Hukum dan politik adalah dua hal yang saling terkait. Walaupun hukum merupakan panglima namun hukum adalah produk dari proses politik. Hukum publik dalam lingkup negara seharusnya berupa seperangkat aturan hukum yang adil dan membawa kebaikan bagi seluruh warga negara bukan hanya membawa kebaikan pada kelompok atau golongan tertentu.
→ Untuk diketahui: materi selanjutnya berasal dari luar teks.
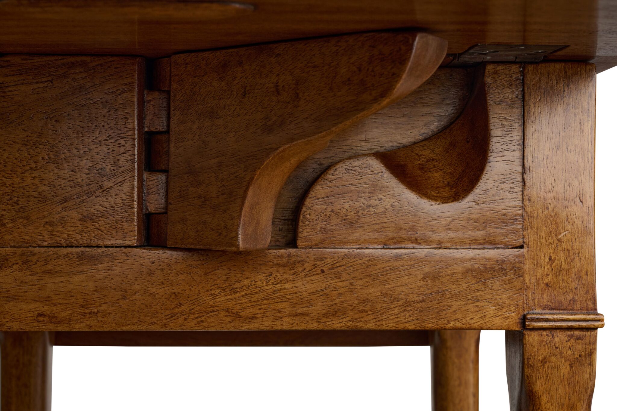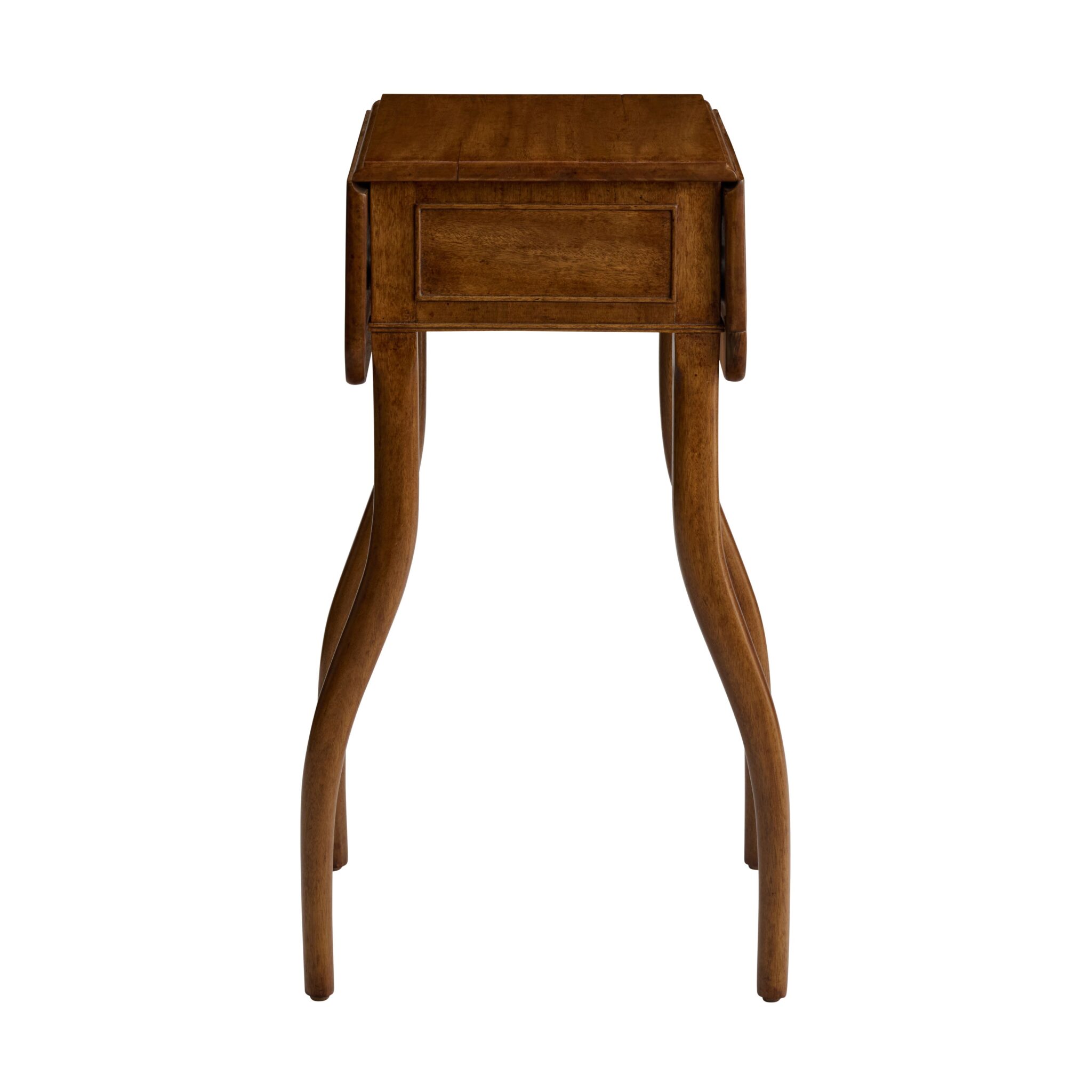 Table featuring curved legs, two drop leaves and drawer in apron.

UU Nomor 17 tahun 2014 tentang MD3 yang ditetapkan sehari menjelang pilpres sangat terasa dibuat untuk kepentingan sesaat koalisi KMP. Hal ini tidak terlepas dari ditetapkannya UU MD3 setelah koalisi terbentuk. UU MD3 diusulkan oleh presiden yang berasal dari PD dan anggota kabinet serta DPR yang komposisinya sebagian besar merupakan pendukung KMP. Dalam usaha merebut posisi pimpinan DPR, presiden mengubah mekanisme penetapan pimpinan DPR dalam UU MD3 yang sebelumnya ditentukan berdasarkan sistem perwakilan diubah menjadi sistem paket/ voting, dari sebelumnya berdasar perolehan suara rakyat pada pemilihan legislatif diubah menjadi sistem paket yang terdiri dari satu ketua dan 4 wakil ketua. Dengan mengubah mekanisme penetapan pimpinan DPR otomatis KMP menguasai pimpinan DPR dan menutup pintu bagi KIH mengusulkan paket pimpinan apalagi menduduki pimpinan DPR karena sebelumnya sudah diketahui KIH hanya didukung oleh 4 parpol pendukung.
Kisruh parlemen yang diakibatkan oleh UU MD3 telah disepakati direvisi oleh kedua kubu. Revisi yang akan dilakukan esensinya terbatas pada pasal untuk memenuhi kepentingan kedua koalisi terkait pengaturan pimpinan AKD,dari sebelumnya terdiri dari 1 ketua dan 3 wakil ketua akan direvisi menjadi 1 ketua dan 4 wakil ketua. Disamping itu juga tujuh pasal dalam UU MD3 yang dianggap pengulangan.
Kubu KMP dan KIH bersepakat dalam revisi UU MD3 tidak menyentuh pasal imunitas anggota DPR. Berdasarkan pasal tersebut, anggota DPR dapat diperiksa aparat penegak hukum jika ada ijin dari Badan Kehormatan. Mekanisme ini merupakan diskriminasi hukum, menghambat dan menghalang-halangi proses penyelidikan dan penyidikan yang dilakukan aparat penegak hukum.
Dewan Perwakilan Daerah (DPD) telah mengajukan judicial reviu karena sebagai lembaga yang diatur dalam UU MD3 tetapi tidak dilibatkan dalam penyusunan UU MD3. Pemerintahan yang sekarang juga bukan dari KMP, yang mungkin menghendaki revisi pasal UU MD3 yang membebani atau merugikan kepentingan jalannya pemerintahan. Apakah revisi UU MD3 hanya untuk memenuhi kepentingan DPR kubu KMP dan KIH? Apalagi revisi UU MD3 yang dilakukan hanya demi kepentingan sesaat dua koalisi di DPR untuk menambah jumlah wakil AKD, masih menyimpan potensi kisruh DPR periode mendatang.